WORK REQUIRED:
Below are some records; quote exactly the lines from the one that contains "The animated characters" through the one that contains "October 13 – Boarding out completed", inclusive, and no others.

THE RECORDS:
- Opening Delimiter -
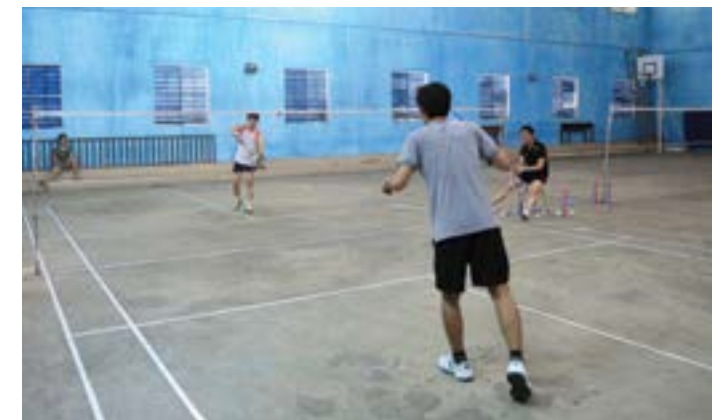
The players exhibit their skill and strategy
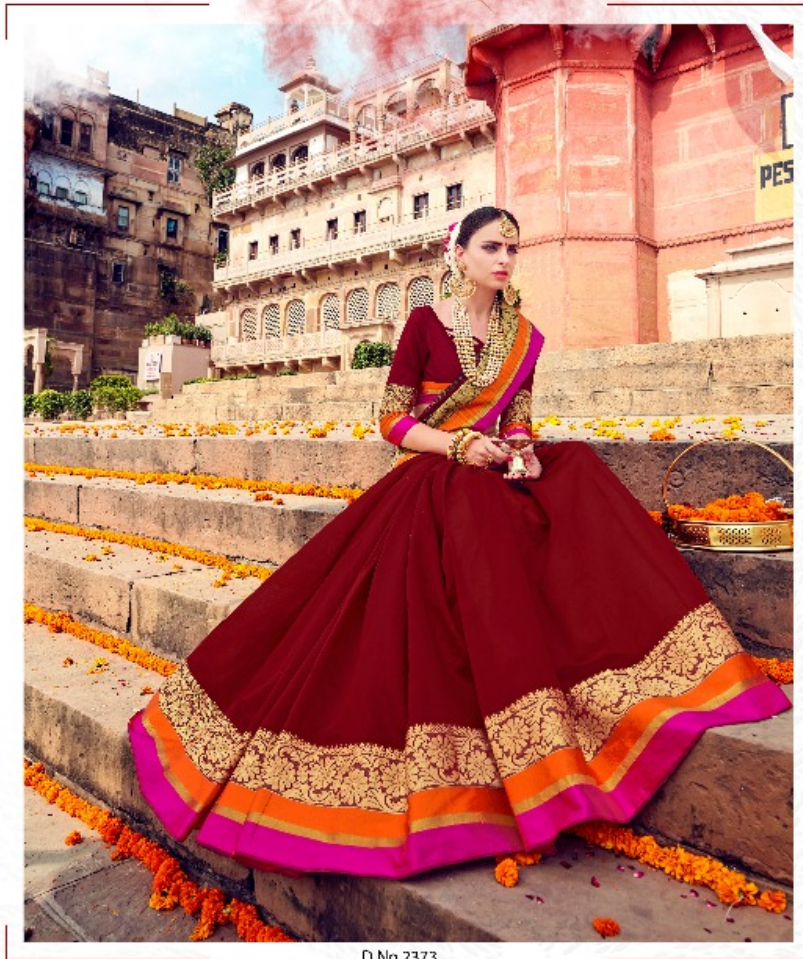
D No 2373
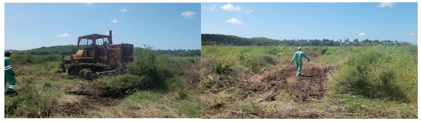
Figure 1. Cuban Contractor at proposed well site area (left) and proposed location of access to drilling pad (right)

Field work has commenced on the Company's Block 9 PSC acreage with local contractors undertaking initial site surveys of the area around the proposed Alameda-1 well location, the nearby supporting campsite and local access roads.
- Closing Delimiter -
- Opening Delimiter -
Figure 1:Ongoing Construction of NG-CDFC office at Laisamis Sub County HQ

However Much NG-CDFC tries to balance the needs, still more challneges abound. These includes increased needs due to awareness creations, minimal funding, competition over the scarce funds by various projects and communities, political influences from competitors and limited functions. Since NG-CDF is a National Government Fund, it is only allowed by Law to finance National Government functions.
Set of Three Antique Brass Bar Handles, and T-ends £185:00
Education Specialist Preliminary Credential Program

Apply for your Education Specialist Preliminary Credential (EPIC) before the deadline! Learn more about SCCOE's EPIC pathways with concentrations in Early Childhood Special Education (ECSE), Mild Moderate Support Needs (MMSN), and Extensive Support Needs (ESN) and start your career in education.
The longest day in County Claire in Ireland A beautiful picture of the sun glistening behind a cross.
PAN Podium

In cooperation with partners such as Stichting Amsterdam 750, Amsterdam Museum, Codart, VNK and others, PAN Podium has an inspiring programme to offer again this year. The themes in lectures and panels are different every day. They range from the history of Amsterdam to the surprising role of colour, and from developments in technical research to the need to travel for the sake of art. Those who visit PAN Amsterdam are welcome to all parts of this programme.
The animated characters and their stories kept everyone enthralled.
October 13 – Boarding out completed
- Closing Delimiter -
REPLY TO THE EXERCISE:
The animated characters and their stories kept everyone enthralled.
October 13 – Boarding out completed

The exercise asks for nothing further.